Ryll bent down, put his foot against something on the floor, and wrenched. There came a gruesome butchering noise. He stripped the trouser leg off a haunch of soldier and began to feed noisily. Tiaan wanted to vomit. The creature really was a beast, for all that it could talk.

The lyrinx tore off a piece of meat that would have fed her for days, chewing and swallowing with a few head-back gulps.

Tiaan gagged. Once he had what he wanted he would eat her too.

Ryll strolled back, gnawing on a thigh bone.

Putting her arms across her face, she turned away.

‘Are you sick?’ he asked.

‘You’re eating my people!’ she screeched.

‘They were not your friends, surely?’ Ryll seemed surprised.

‘Eating human flesh is disgusting!’

‘It tastes good to me.’

‘There’s nothing wrong with it! It’s just wrong to eat it. It makes me want to vomit, seeing you …’

‘Only human flesh?’ he enquired, cracking the bone over his knee and hooking out a quivering length of marrow with one claw. It went down with a slurp.

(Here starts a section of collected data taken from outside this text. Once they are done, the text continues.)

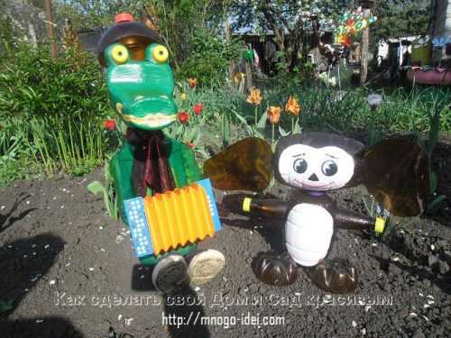 Как сделать свой сад уютным и оригинальным? Как удивить своих знакомых и друзей? Наши мастера умеют делать необычные поделки для сада из обычных пластиковых бутылок, колес, старых тазиков и т.д. Фигурки для сада можно сделать своими руками из различных материалов, пластиковых бутылок, старых покрышек, одноразовой посуды и т.д. Из пластиковой бутылки можно сделать любые фигурки для сада, которые легко красятся и долго сохраняют свою форму.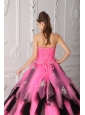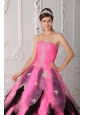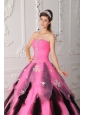 Beautiful Pink and Black Quinceanera Dress Strapless Organza Appliques A-Line / Princess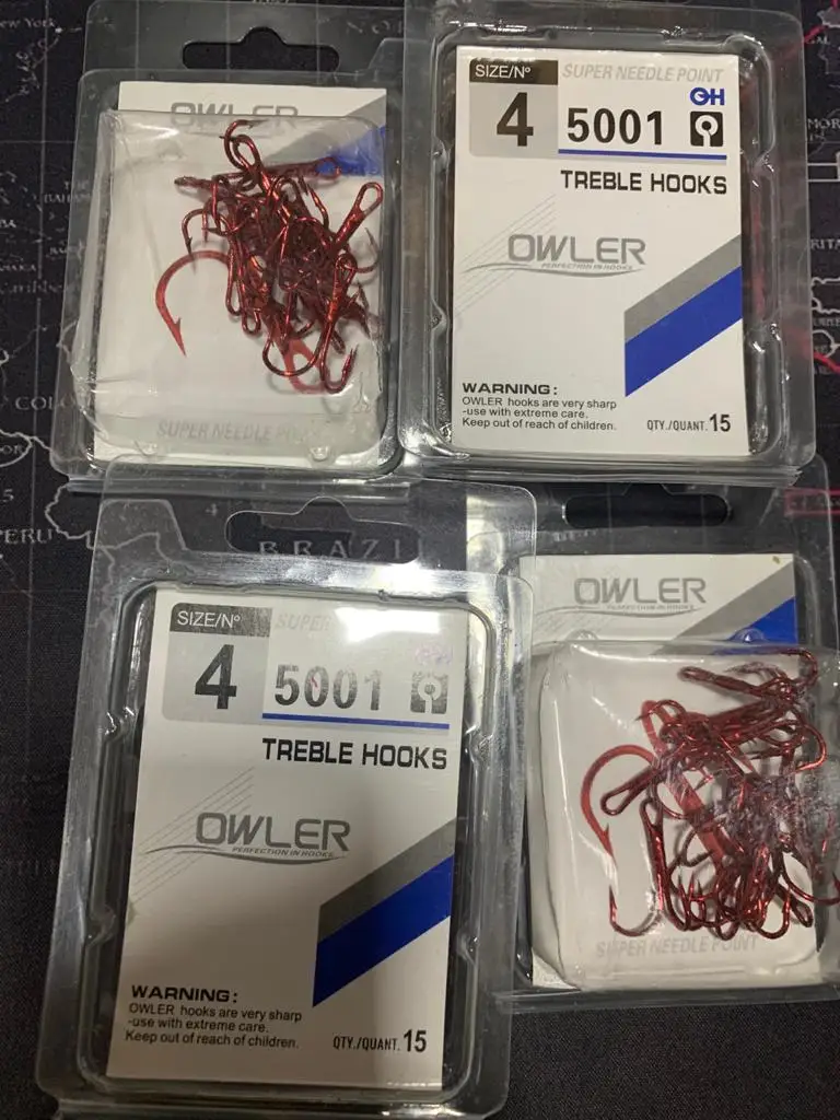 15 шт.коробка, тройные Крючки owner, 3 цвета, размер 1 #-14 #, круглые, изогнутые тройные, морской окунь Стальные рыболовные крючки, твердые тройные Крючки

‘And scavengers and carrion eaters,’ she conceded, unable to look.

‘Do humans see themselves as carrion eaters?’ said Ryll with a puzzled frown. Waves of colour washed over his skin, like watercolours being mixed on wet paper.

‘Certainly not! It’s just that … human flesh is sacred to us.’

‘Would it help if I ate where you could not see?’

‘I’d prefer you didn’t eat us at all.’

Shrugging, Ryll tossed the bones to one side. ‘I will take you into the mountains.’

She did not believe him. The creature was toying with her. She had to escape. ‘Now?’

‘Later tonight. There was a thaw today. As soon as it sets hard we will go.’

Tiaan slept badly, with unpleasant, fractured, crystal dreams. She woke to find Ryll standing over her. With the torch fluttering, he looked particularly menacing. She jumped up. ‘What do you want?’